Saleheen Nazir, Ullah Md Azim, Chakraborty Supriyo, Ones Deniz S, Srivastava Mani, Kumar Santosh
University of Memphis.
IBM T. J. Watson Research Center.
Conf Comput Commun Secur. 2021 Nov;2021:2807-2823. doi: 10.1145/3460120.3484799. Epub 2021 Nov 13.

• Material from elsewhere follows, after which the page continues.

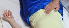 | 14. | 心包点を操作点にして、右手の経に第一治療経(点)があると推認できるので、同様の反応が操作点を変えても起こるかどうか、診てみることにしました。 腹診点ではなく、診断筋を操作点にする場合は、9で診た異常緊張のあった診断筋を改めて触診して、先生はもっとも左右差の甚だしい左内転筋を選びました。 左内転筋をつかむと、痛い! |

Public release of wrist-worn motion sensor data is growing. They enable and accelerate research in developing new algorithms to passively track daily activities, resulting in improved health and wellness utilities of smartwatches and activity trackers. But, when combined with sensitive attribute inference attack and linkage attack via re-identification of the same user in multiple datasets, undisclosed sensitive attributes can be revealed to unintended organizations with potentially adverse consequences for unsuspecting data contributing users. To guide both users and data collecting researchers, we characterize the re-identification risks inherent in motion sensor data collected from wrist-worn devices in users' natural environment. For this purpose, we use an open-set formulation, train a deep learning architecture with a new loss function, and apply our model to a new data set consisting of 10 weeks of daily sensor wearing by 353 users. We find that re-identification risk increases with an increase in the activity intensity. On average, such risk is 96% for a user when sharing a full day of sensor data.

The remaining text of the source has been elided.